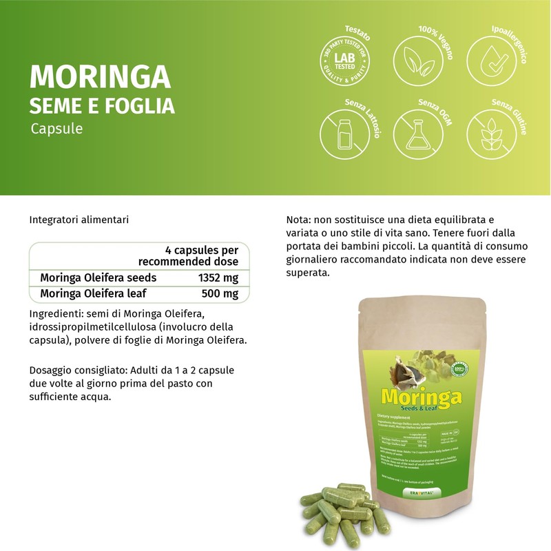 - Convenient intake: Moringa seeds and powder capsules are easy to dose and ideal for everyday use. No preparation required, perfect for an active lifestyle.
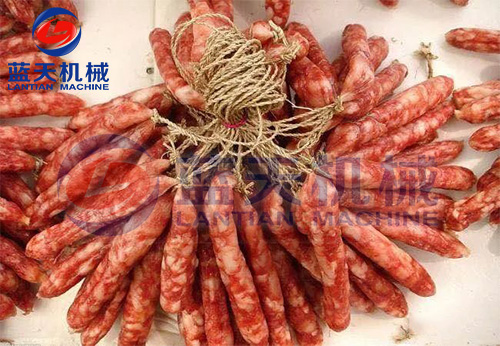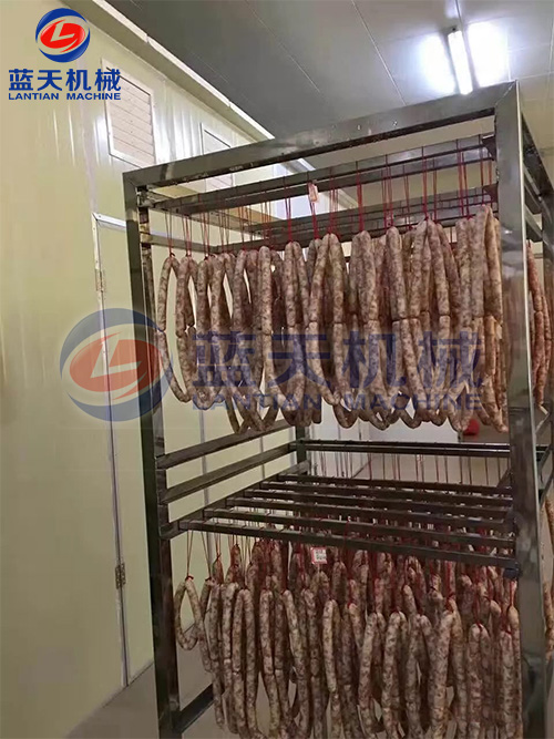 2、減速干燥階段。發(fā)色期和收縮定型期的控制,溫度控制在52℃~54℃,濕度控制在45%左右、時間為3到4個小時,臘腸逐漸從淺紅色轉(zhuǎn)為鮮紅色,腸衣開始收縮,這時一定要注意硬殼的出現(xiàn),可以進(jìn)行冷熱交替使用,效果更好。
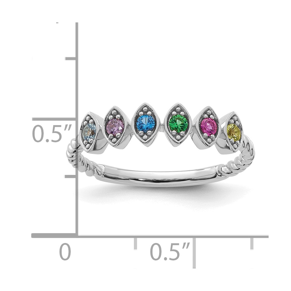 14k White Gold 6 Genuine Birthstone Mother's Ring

**PROBLEM STATEMENT**:
All that is needed is the data above, repeated exactly, without the pictures.

**SOLUTION TO THIS PROBLEM**:
 - Convenient intake: Moringa seeds and powder capsules are easy to dose and ideal for everyday use. No preparation required, perfect for an active lifestyle.
 2、減速干燥階段。發(fā)色期和收縮定型期的控制,溫度控制在52℃~54℃,濕度控制在45%左右、時間為3到4個小時,臘腸逐漸從淺紅色轉(zhuǎn)為鮮紅色,腸衣開始收縮,這時一定要注意硬殼的出現(xiàn),可以進(jìn)行冷熱交替使用,效果更好。
 14k White Gold 6 Genuine Birthstone Mother's Ring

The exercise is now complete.